Prior to Thursday, rumours swirled over where in the world Maxwell could possibly have been hiding as investigators continued to pursue Epstein’s associates.

Vanity Fair covered allegations that she was “living the high life in London” while other tabloids suggested she was hunkered down in a Massachusetts oceanfront property.

Those same outlets claimed she was hiding out with Scott Borgerson, her supposed high-profile tech CEO boyfriend, while a friend of Maxwell’s told the Daily Beast she may have been in France.

It was all a mystery — that is, until Maxwell was seen eating at an In-N-Out Burger in Los Angeles, California, reading a book titled The Book of Honour: The Secret Lives and Deaths of CIA Operatives.

“Well, I guess this is the last time I’ll be eating here!” Maxwell said after someone snapped her photo, according to the New York Post.

Maxwell’s detention memo argued she presented a “clear risk of flight” that was “exacerbated by the transient nature” of her lifestyle.

The memo stated: “In particular, the defendant has effectively been in hiding for approximately a year, since an indictment against Epstein was unsealed in July 2019. Thereafter, the defendant — who had previously made many public appearances — stopped appearing in public entirely, instead hiding out in locations in New England.”

“More over, it appears that she made intentional efforts to avoid detection, including moving locations at least twice, switching her primary phone number (which she registered under the name ‘G Max’) and email address, and ordering packages for delivery with a different person listed on the shipping label,” the memo read.

The memo also indicated Maxwell “appears to have been hiding on a 156-acre property acquired in an all-cash purchase in December 2019 (through a carefully anonymized LLC) in New Hampshire.

Why was she arrested?

The indictment outlines the charges Maxwell faces, from conspiracy to entice minors to engage in sexual acts and travel to engage in illegal sex acts, to conspiracy to transport minors with intent to engage in criminal sexual activity and two counts of perjury.

According to the indictment, Maxwell “assisted, facilitated, and contributed to Jeffrey Epstein's abuse of minor girls by, among other things, helping Epstein to recruit, groom, and ultimately abuse victims known to Maxwell and Epstein to be under the age of 18”.
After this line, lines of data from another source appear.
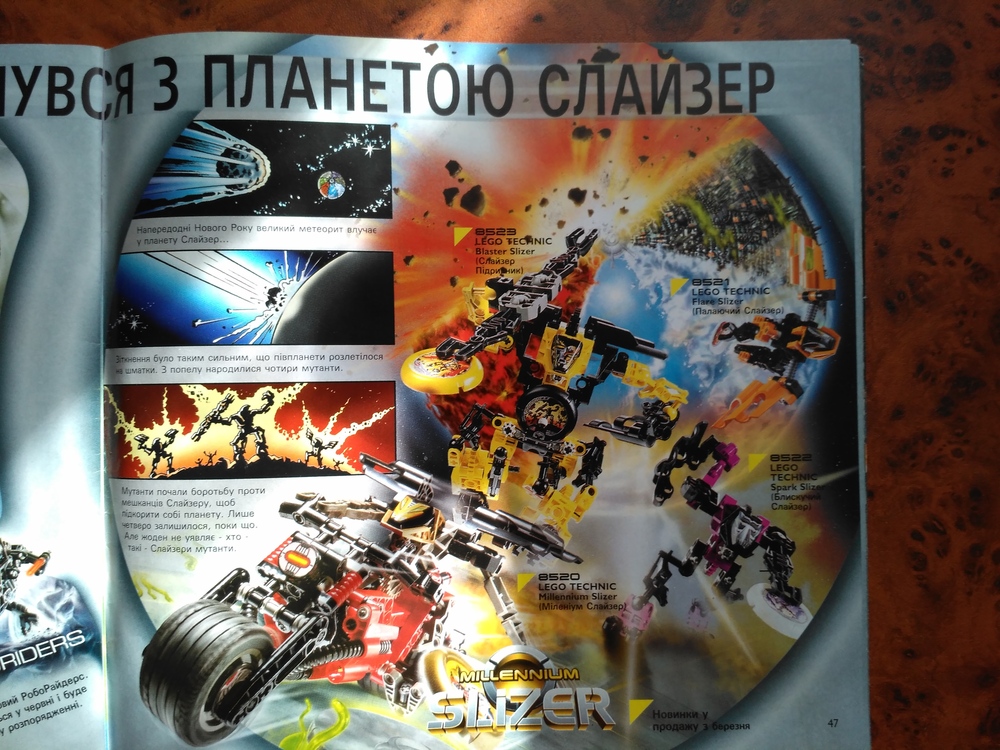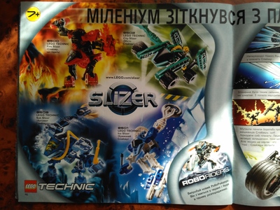 В серии был сюжет про планету поделённую на зоны вроде зоны джунглей или зоны города, в каждой из них обитал свой робот слайзер. Сюжет там довольно упоротый про какой-то вирус, добрых и злых слайзеров, судью и ещё всякое. Нам он не особо интересен. Интерес вызываю новые детали, а все наборы кишат ими. Это и головы роботов, их туловища, руки и ноги крепятся с помощью нового вида соединений Ball Joints (шаровые соединения которые туго вращаются). Для усиления притока денег от серии в продаже появились наборы с боевыми "фризби" разных цветов. В комплекте с каждым роботом было 2-3 фризби и нефиговый намёк в инструкции, что всего таких дисков куда больше и вообще "собери их все!".
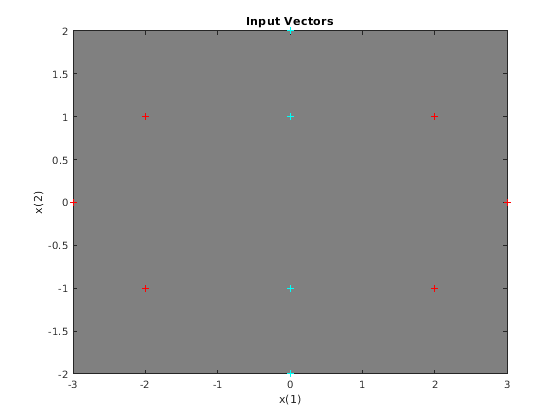 colormap(hsv); plotvec(x,c) title('Input Vectors'); xlabel('x(1)'); ylabel('x(2)');
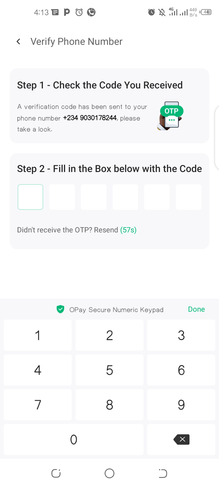 Opay will then send a verification code to your phone to confirm the number. 👇
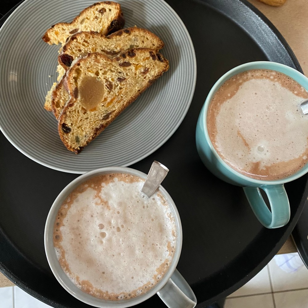 [kneteeis:] „Hier ist Kakao und Stollen für Euch. Mit Milchschaum!“
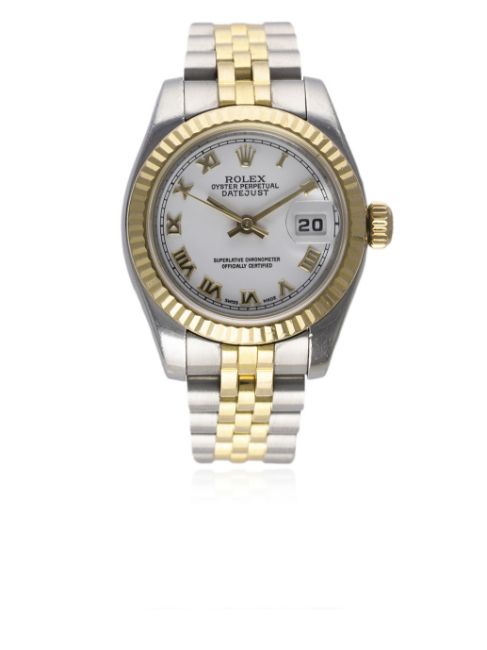 D: White dial with gold Roman numerals, date aperture. M: Automatic chronometer movement with quick-set date, signed Rolex & numbered. C: Oyster case with solid gold fluted bezel, sapphire crystal, signed Montres Rolex S.A., Rolex crown, case diameter measures approx. 27mm. B: Original Rolex Jubilee steel & solid gold bracelet, numbered CL7/63133.
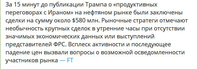 Если говорить прямо, рынок двигает именно фундаментал.Новости, заявления, решения, геополитика — всё это становится причиной движения цены. Но вопрос в другом: можем ли мы заранее знать, какая именно новость выйдет? В большинстве случаев — нет. Хотя рынок устроен так, что кто-то узнаёт это раньше остальных. Именно поэтому крупные деньги часто начинают действовать ещё до того, как новость становится публичной для толпы. Первые две картинки как раз хорошо показывают эту механику. Ещё до выхода новости в рынке уже проходили аномальные сделки и повышенная активность, которые сложно назвать случайностью. То есть сначала в графике и объёмах появляется след крупного участника, а уже потом выходит инфоповод, который становится объяснением для всех остальных. И вот здесь в игру вступает теханализ. Потому что теханализ — это не про «магические линии». Это про чтение поведения цены, объёма и действий крупного участника. Именно через график мы можем увидеть то, что ещё не успели озвучить в новостя

Maxwell could be the key to unlocked Epstein’s world of crimes: investigators have said she kept a little black book documenting travel and lodging arrangements for the paedophile and his high-level associates. Were she to cooperate with investigators, Maxwell could implicate many others who circle Epstein and face potential charges amid ongoing probes, including Prince Andrew.

Her indictment was signed by acting SDNY US attorney Audrey Strauss, who was elevated to the position just two weeks ago amid a contentious public feud between US Attorney General William Barr and Ms Strauss’ boss, Geoffrey Berman.

Mr Berman declined to resign despite a public statement from the attorney general claiming he left the post. Mr Barr attempted to replace Mr Berman with a US attorney of his choice.